An interesting feature is the remarkable tolerance to nagana pathology shown by some breeds of cattle, notably the N'Dama – a West African Bos taurus breed. This contrasts with the susceptibility shown by East African Bos indicus cattle such as the zebu.

Transmission
Most trypanosomes develop in tsetse flies (Glossina spp.), its biological vector, in about one to a few weeks. When an infected tsetse fly bites an animal, the parasites are transmitted through its saliva. It can also be spread by fomites such as surgical instruments, needles, and syringes. The most important vectors are thought to be horseflies (Tabanidae spp.) and stable flies (Stomoxys spp.). 

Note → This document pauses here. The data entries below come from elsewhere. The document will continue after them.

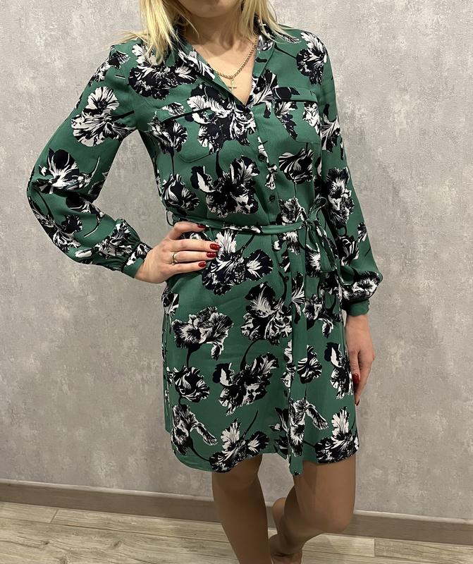 Очень стильное платье рубашка в цветы, зеленого цвета в цветы, идеальное состояние, одетая 1 раз. На бирке xs подойдет на размер S. Мой рост на фото 168 см.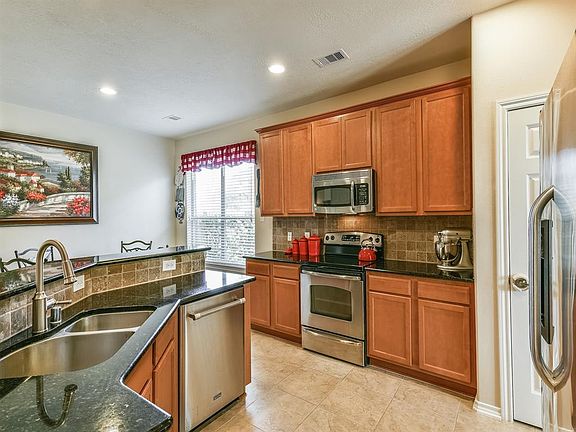 Welcome to 13603 Summer Spring Lane. This beautiful one story home features a stone front elevation and a private back yard with no back neighbors, and has a full remote sprinkler system. This home includes a beautiful open concept kitchen with granite, and the kitchen refrigerator is included with the sale of the home. The garage floor has an epoxy paint and tons of storage as well as a keyless entry access. Also included with the home is a Whirlpool self cleaning water filtration system. Additional storage in the attic! Make your appointment today....this home will not disappoint you! Call today!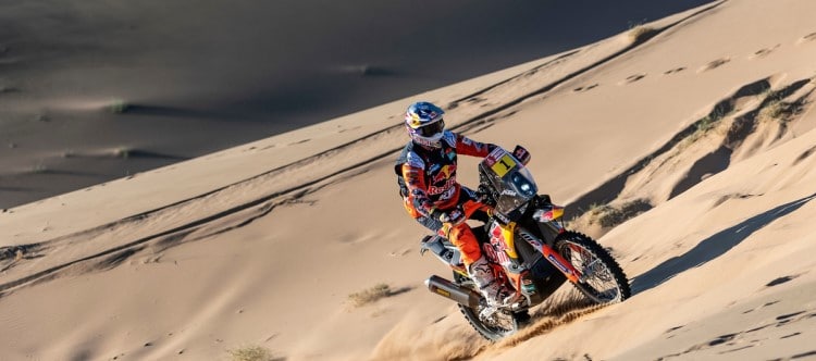 Der amtierende Champion Toby Price hatte mit seiner ersten Startnummer die vorteilhafte Position, als 23. Fahrer die Tagesetappe zu betreten. Der Aussie-Star drängte vom Start weg sofort mit der zweitschnellsten Zeit auf den ersten Wegpunkt. Ein kleines Problem mit seiner Navigationsausrüstung schien Toby das Tempo zu drosseln, da ein beschädigtes Roadbook die Navigation erschwerte. Glücklicherweise konnte er sich auf den Rückendeckung seines Teamkollegen Walkner setzen und die beiden brachten ihre KTM 450 RALLY-Maschinen sicher und rechtzeitig nach Hause, mit Price als schnellstem Gesamtfahrer.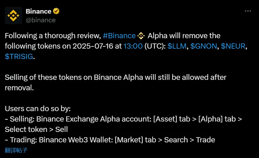 2025年7月16日,币安Alpha官方公告显示,经全面审查后,平台计划于UTC时间2025年7月16日13:00下架LLM、GNON、NEUR、TRISIG代币。代币下架后,用户仍可在该平台进行交易。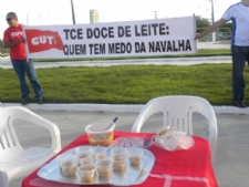 que houve o envolvimento do então conselheiro do TCE, Flávio Conceição. “A CUT cumprindo a tarefa de cobrar ao Judiciário celeridade na apuração das denúncias feitas pela Polícia Federal contra Flávio Conceição. O assunto chegou ao tribunal mas não tiraram da gaveta e o TCE continua com oito conselheiros, prestigiando Flávio Conceição”, ressalta o presidente da CUT, Rubens Marques, o professor Dudu. CUT distribuiu doce de leite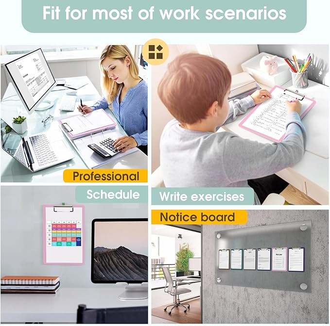 • Strong Plastic Clipboard: Our clip board is made of strong and high-quality plastic material, Making them very strong, Not easy to break, Clipboards with high-gloss surface and sturdy base. Cleanable and waterproof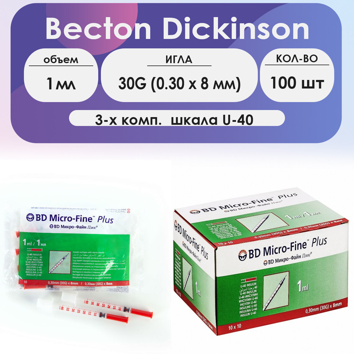 Шприц BD Micro-Fine Plus (3-комп.) 1мл шкала U40 игла 30G (0,30х8) - 100шт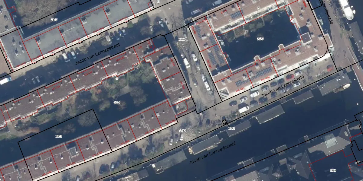 Het perceel waarop het adres ligt is ASD13-Q-7502. De afkorting 'ASD13' staat voor kadastrale gemeente Amsterdam. De oppervlakte van het perceel is 4948 m². Dat is groter dan gemiddeld in Amsterdam, waar de gemiddelde perceeloppervlakte op 393,94 m² ligt. De grootste perceeloppervlakte in de kadastrale gemeente is 6,2 ha. De kleinste oppervlakte bedraagt 1 m². Op het perceel zijn 88 adressen aanwezig. De huidige grenzen van het perceel zijn digitaal in de Basisregistratie Kadaster (BRK) geregistreerd op 15-08-2008.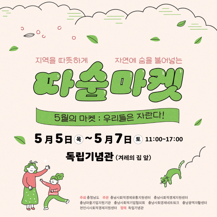 충남사회적경제지원센터와 독립기념관은 사회적 경제 활성화를 위해 어린이날이 있는 따뜻한 주말, “따숨마켓” 행사를 개최합니다.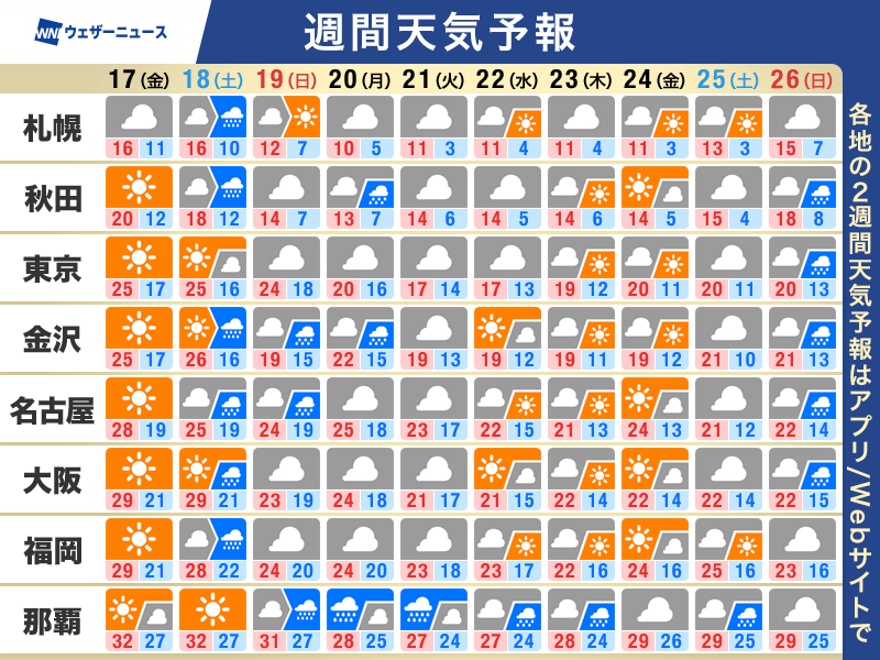 今日・明日〜2週間先までの週間天気予報今日・明日〜2週間先までの週間天気予報

The immune response of animals may be unable to eliminate trypanosomes completely, and the host may become an inapparent carrier. These inapparent infections can be reactivated if the animal is stressed. Transplacental transmission can also occur.

Signs and symptoms
The incubation period ranges from 4 days to approximately 8 weeks. The infection leads to significant weight loss and anemia. Various symptoms are observed, including fever, oedema, adenitis, dermatitis and nervous disorders. The disease cannot be diagnosed with certainty except physically detecting parasites by blood microscopic examination or various serological reactions.

Vectors

Diagnosis 
The diagnosis of African animal trypanosomiasis encompasses mainly the identification of the trypanosoma parasite when viewed under a microscope using a sample of blood (primarily) or lymph fluid (especially T.vivax) from an infected animal. Other techniques for detecting the parasite apart from direct microscopy include concentration techniques and animal inoculation. To identify trypanosomes or treat trypanosomiasis, a variety of diagnostic techniques are available. The sensitivity and specificity of current diagnostic tests, as well as how simple and expensive they are to use, vary. The selection of one or more specific tests is influenced by epidemiologically appropriate diagnostic needs, equipment and skill availability, and economic criteria. The majority of parasitological methods, with the exception of the thick blood film, can quickly identify live trypanosomes. It is expected that these procedures are 100% specific. Even though their sensitivity is far from adequate, they are regarded as the gold standard in the absence of more sensitive tests that are also similarly specific.

Thick blood films (TBFs)

TBFs are created by spreading a tiny drop of blood (between 10 and 20 l) on a glass slide to roughly four times its original surface area. After extensive drying, the slides can be dyed and examined under a 1000x magnification. Giemsa-based staining takes around 30 minutes to complete for thick film preparations. Because no centrifuge is used, electricity is not always required. It can be difficult to identify trypanosomes, which are usually distorted in this preparation, and it takes a lot of skill and experience. Results depend on the proficiency of the lab worker and the quality of the reagents. According to several research, the TBF's sensitivity ranges from 259 to 100%.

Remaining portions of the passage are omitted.